Number of wins by tour
- Ladies European Tour: 1
- Other: 1

Best results in LPGA major championships
- Chevron Championship: DNP
- Women's PGA C'ship: CUT: 2004
- U.S. Women's Open: DNP
- du Maurier Classic: DNP
- Women's British Open: T21: 2001

= Marlene Hedblom =

Swedish professional golfer

Marlene Hedblom (born 13 November 1972 in Gävle) is a retired Swedish professional golfer.

==Early years==
Despite coming from a golfing family, she did not start playing until the age of 12 at Gävle Golf Club in Sweden. Her father Olle was an elite player, who later became a club professional and her two years elder brother Peter turned tournament professional at 19 years old.

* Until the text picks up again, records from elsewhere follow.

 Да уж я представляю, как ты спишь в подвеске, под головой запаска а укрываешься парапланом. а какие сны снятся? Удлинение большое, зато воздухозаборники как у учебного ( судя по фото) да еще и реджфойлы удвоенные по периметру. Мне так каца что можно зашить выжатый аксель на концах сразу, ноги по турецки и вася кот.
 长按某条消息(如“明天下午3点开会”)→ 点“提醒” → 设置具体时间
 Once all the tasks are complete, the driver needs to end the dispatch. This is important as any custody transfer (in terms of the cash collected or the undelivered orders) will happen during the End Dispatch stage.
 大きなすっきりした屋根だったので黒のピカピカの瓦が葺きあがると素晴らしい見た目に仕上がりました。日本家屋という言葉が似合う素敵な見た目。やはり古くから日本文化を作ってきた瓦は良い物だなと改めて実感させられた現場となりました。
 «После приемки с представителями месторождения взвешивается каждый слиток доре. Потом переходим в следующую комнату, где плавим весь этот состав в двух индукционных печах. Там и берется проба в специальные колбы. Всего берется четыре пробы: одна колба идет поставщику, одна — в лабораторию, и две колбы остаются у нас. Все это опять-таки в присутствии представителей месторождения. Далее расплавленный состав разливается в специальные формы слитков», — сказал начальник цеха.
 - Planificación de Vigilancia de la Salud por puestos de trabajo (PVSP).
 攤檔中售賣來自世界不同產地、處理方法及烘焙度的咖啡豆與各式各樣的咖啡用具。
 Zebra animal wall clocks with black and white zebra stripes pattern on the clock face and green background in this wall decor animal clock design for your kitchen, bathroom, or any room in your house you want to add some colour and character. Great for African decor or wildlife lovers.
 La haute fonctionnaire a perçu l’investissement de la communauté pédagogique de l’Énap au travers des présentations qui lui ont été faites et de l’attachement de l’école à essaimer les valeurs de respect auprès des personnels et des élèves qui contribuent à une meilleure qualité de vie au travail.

In 1995, together with his father, she won the very first Swedish Two Generations Mixed Championship, played as foursome.

==Professional career==
She won the 1997 Ladies European Tour Final Qualifying School at La Manga, Spain, 5–8 December and turned professional.

Hedblom had her most successful season in 2003 when she won the Biarritz Ladies Classic at Biarritz le Phare Golf Club in France in the last tournament on the Ladies European Tour season, with his father as a caddie. Her win meant that she and her brother Peter became the only brother and sister siblings, who have won on the European Tour and Ladies European Tour respectively.

The same year, she qualified for the LPGA Tour at the LPGA Final Qualifying Tournament held at LPGA International Legends Course in Florida. Her best 2004 finish on the LPGA Tour was tied 46th at the Franklin American Mortgage Championship at the Vanderbilt Legends Club, Iron Horse Course in Franklin, Tennessee.

==Personal life==
Since her retirement in 2007, Hedblom has worked as a speaker and a club professional at Arlandastad Golf, Bro Hof Slott Golf Club and Fågelbro Golf & Country Club, all in the Stockholm area in Sweden, where she lives.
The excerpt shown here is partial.